Alternate expression of CONSTANS-LIKE 4 in short days and CONSTANS in long days facilitates day-neutral response in Rosa chinensis

Abstract

Photoperiodic flowering responses are classified into three major types: long day (LD), short day (SD), and day neutral (DN). The inverse responses to daylength of LD and SD plants have been partly characterized in Arabidopsis and rice; however, the molecular mechanism underlying the DN response is largely unknown. Modern roses are economically important ornamental plants with continuous flowering (CF) features, and are generally regarded as DN plants.
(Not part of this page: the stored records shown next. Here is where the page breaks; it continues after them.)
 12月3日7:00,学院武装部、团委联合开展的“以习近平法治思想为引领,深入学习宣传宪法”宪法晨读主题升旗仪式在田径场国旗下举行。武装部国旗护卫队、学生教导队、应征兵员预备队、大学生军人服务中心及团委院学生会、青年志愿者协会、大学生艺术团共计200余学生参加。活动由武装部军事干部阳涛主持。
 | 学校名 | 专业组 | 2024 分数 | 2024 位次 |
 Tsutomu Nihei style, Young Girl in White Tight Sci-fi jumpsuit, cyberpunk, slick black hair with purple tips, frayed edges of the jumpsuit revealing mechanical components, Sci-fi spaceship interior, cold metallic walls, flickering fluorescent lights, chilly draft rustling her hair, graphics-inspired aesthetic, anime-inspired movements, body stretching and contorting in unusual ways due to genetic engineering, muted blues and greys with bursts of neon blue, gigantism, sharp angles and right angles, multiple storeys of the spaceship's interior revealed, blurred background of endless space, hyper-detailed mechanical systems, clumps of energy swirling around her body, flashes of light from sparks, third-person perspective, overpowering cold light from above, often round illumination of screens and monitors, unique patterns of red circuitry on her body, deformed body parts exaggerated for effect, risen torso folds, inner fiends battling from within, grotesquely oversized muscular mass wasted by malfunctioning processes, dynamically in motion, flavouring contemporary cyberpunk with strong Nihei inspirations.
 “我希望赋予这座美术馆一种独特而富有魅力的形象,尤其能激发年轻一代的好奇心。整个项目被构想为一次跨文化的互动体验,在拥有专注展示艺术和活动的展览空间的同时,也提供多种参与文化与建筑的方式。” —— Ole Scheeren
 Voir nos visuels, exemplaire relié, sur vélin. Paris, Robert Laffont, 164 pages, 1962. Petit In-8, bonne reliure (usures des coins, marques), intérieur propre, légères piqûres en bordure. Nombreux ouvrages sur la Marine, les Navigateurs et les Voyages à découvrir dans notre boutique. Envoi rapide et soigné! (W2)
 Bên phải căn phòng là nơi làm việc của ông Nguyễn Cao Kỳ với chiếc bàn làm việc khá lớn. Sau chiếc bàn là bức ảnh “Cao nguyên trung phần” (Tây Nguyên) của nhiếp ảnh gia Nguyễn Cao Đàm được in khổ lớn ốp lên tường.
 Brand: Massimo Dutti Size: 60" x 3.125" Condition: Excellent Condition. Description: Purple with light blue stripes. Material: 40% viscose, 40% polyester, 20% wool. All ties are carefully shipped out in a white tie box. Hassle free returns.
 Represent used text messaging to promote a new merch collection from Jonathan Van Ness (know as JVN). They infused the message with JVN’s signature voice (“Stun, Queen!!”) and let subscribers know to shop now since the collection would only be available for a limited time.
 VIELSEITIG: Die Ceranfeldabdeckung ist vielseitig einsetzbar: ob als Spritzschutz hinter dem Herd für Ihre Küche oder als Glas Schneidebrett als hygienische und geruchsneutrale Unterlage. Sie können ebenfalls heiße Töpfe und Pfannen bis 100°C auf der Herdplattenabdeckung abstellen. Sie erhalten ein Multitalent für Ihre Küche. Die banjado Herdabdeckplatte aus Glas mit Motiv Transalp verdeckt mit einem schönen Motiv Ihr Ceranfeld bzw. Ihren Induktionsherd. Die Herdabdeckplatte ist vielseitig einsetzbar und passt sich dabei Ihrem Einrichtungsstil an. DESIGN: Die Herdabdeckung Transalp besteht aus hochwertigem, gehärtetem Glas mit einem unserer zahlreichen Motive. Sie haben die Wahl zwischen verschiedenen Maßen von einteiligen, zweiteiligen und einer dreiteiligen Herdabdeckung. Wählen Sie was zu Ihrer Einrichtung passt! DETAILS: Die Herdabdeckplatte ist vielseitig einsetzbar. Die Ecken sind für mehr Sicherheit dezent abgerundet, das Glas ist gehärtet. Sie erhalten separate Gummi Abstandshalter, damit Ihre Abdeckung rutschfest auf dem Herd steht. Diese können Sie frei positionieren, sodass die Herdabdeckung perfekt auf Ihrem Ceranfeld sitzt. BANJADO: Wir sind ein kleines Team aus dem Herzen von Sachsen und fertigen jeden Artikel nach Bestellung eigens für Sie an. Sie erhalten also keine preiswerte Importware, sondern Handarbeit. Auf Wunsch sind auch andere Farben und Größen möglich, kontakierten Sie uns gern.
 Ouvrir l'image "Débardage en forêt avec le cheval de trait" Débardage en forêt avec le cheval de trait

Here, RcCO and RcCOL4 were identified as floral activators up-regulated under LD and SD conditions, respectively, in the CF cultivar Rosa chinensis 'Old-Blush'. Diminishing the expression of RcCO or/and RcCOL4 by virus-induced gene silencing (VIGS) delayed flowering time under both SDs and LDs. Interestingly, in contrast to RcCO-silenced plants, the flowering time of RcCOL4-silenced plants was more delayed under SD than under LD conditions, indicating perturbed plant responses to day neutrality. Further analyses revealed that physical interaction between RcCOL4 and RcCO facilitated binding of RcCO to the CORE motif in the promoter of RcFT and induction of RcFT. Taken together, the complementary expression of RcCO in LDs and of RcCOL4 in SDs guaranteed flowering under favorable growth conditions regardless of the photoperiod. This finding established the molecular foundation of CF in roses and further shed light on the underlying mechanisms of DN responses.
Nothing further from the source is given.